In this article series I will describe some essential techniques for querying geospatial data in MongoDB, which can be useful if you want your app or API to provide access to information ordered based on distance from some specific location. For example:

  • businesses ( restaurants, shops etc. ) or other places of interest,
  • other users of the app ( as in the case of dating apps ).

The techniques will allow your service to scale and remain efficient as they enable constant time access to the data (regardless of the amount of data in your database) and minimise caching required on the client side.

What you will learn

In the following sections I will show you how to:

  1. store location data ( longitude, latitude pairs ) in MongoDB documents
  2. query such documents using the location data, with results sorted by distance from a specified point ( from closest to furthest )
  3. efficiently page through results of such queries

You should be able to follow this tutorial even if you haven’t used MongoDB before. On the other hand if the first 2 points sound familiar, you might want to skip straight to section 3.

We’ll be using Node.js and the official Javascript MongoDB driver. Code snippets will be in Coffeescript 2.

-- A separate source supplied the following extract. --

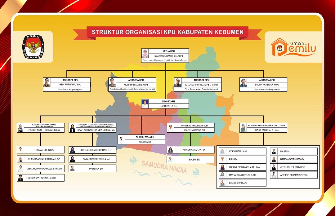 Saat ini KPU Kabupaten Kebumen mempunyai 25 pegawai yang terdiri dari 13 Pegawai Negeri Sipil (PNS), 3 Pegawai Pemerintah Dengan Perjanjian Kerja (PPPK), 3 Tenaga Administrasi, 3 Jagat Saksana, 1 Tenaga Pengemudi, dan 2 Tenaga Pramubakti yang selalu siap sedia menjalankan tugas dan kewajiban dalam mendukung penyelenggaraan pemilu dan pemilihan.

If you want to run the code examples locally, clone the accompanying repo, and follow the instructions in the README.md.

Storing location data.

For longitude, latitude pairs we need to use the GeoJSON Point object format.

The doc above is what you’d insert into a mongo collection, it has a field called location which value is a GeoJSON Point object. The name of the field is immaterial, we could have used any other valid key name instead of location. We could also nest the GeoJSON deeper into the object structure, however putting type and coordinates at the top level of doc wouldn’t work. It’s also possible to store multiple GeoJSON objects in one document, for example:

Note that:

  • longitude comes first ( this is a reverse to what you might be used to from, for example, google maps queries )
  • longitude values need to be between -180 and 180 ( both inclusive )
  • latitude values need to be between -90 and 90 ( both inclusive )

Now that you know the basics, lets generate some data to work with.

We’ve created 6 documents, with locations starting at the equator, increasing the latitude in equal intervals, while keeping longitude fixed at 0. Here are the points plotted on a sphere:

See code used to generate this on JSFiddle. Note: you can click and drag on the above graphic to rotate the sphere.

Note that in the following code examples we will omit the boilerplate required to obtain a mongodb collection object and insert documents into it. In the accompanying repo, this boilerplate has been contained in the with_collection and with_collection_with_points helper functions.

Querying for documents based on location.

To query documents based on their distance from a specific point we are going to use the $near query operator. But before we do this, we need to create a 2dsphere index on the field containing the GeoJSON Point objects.

runnable example on github

Setting the background option is very important when creating an index on a live database, since by default createIndex will block all other operations on the database while the index is being created ( which might take a while if the collection is big ).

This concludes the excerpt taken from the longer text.